Фриц — это я. Тетя Лида гордилась тем, что почти тринадцать лет назад уговорила моих родителей назвать меня в честь Фридриха Энгельса. Я родился в один день с Фридрихом Энгельсом, только на сто восемь лет позже — 28 ноября 1928 года.
— Посмотрим, что же осталось из нашего движимого имущества, — сказал Андрей Глебович и вышел из щели.
Я вылез вторым и сказал:
— По-моему, осталась только ваша кровать.
Ее было хорошо видно. Вся покореженная огнем, она висела на фундаменте. Без сетки, без никелированных шариков. От моей кушетки и следов не осталось.
— Вот здорово! — сказал я. Я хотел сказать, что это удивительно, какая все-таки великая сила — огонь.
Но тетя Лида опять одернула меня:
— Фриц!
Мне мое имя и до войны не нравилось, а теперь и совсем было некстати. Фашистов звали Фрицами и Гансами. Если бы меня звали Гансом, можно было бы законно переделаться под Ваньку, но Фрица не переделаешь. Галя звала меня теперь Федей, но Андрей Глебович сказал, что Федя — Федор, Теодор, но никак не Фридрих. Тетя Лида сказала, что это справедливо.
А разве справедливо было назвать меня Фрицем, когда в нашем роду ни одного немца не было! Вот у того же Андрея Глебовича бабушка была немка — я видел ее фотографию, — и то Андрея Глебовича не назвали Фрицем.
Мы все пошли к пепелищу. Соседние дачи тоже догорели. Но начался рассвет, и все было видно. Смотреть-то, по правде говоря, было не на что.
— Андрей, — сказала Доротея Макаровна, — я не помню, наша дача застрахована?
Доротея Макаровна, как говорили люди понимающие, была самая красивая женщина в нашем большом московском доме. Эти понимающие люди говорили, что «все при ней».
Губы у нее были красивые, и она их красила, это точно. Раньше она была артисткой оперетты, а Андрей Глебович тоже работал там в оркестре — играл на флейте. Потом, когда он изобрел чудо-печку, оба бросили театр.

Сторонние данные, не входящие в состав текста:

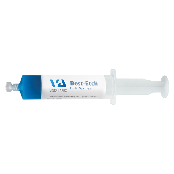 Best-Etch is a 37% Phosphoric Acid Etch, designed to etch and prepare dentin and enamel. It is a viscous solution that stays in place and rinses clean with water, ensuring no residue. Pre-bent applicator tips ensure precise delivery.

— От войны, Дора, никто не застрахован. В этом, если хочешь, самое пикантное, — мягко сказал Андрей Глебович.
И тетя Лида на этот раз не заметила слов-паразитов.
В эту ночь я стал еще больше уважать Андрея Глебовича. Он стойко держался. Тетя Лида, хотя и была в гражданскую войну переводчицей в Красной Армии, сильно вздрагивала, когда на станции стреляли зенитки. Галя сидела, обхватив мать руками, и ойкала. А Андрей Глебович совершенно не боялся. Между тем я точно знал, что он никогда в армии не служил из-за того, что один глаз у него совсем не видит.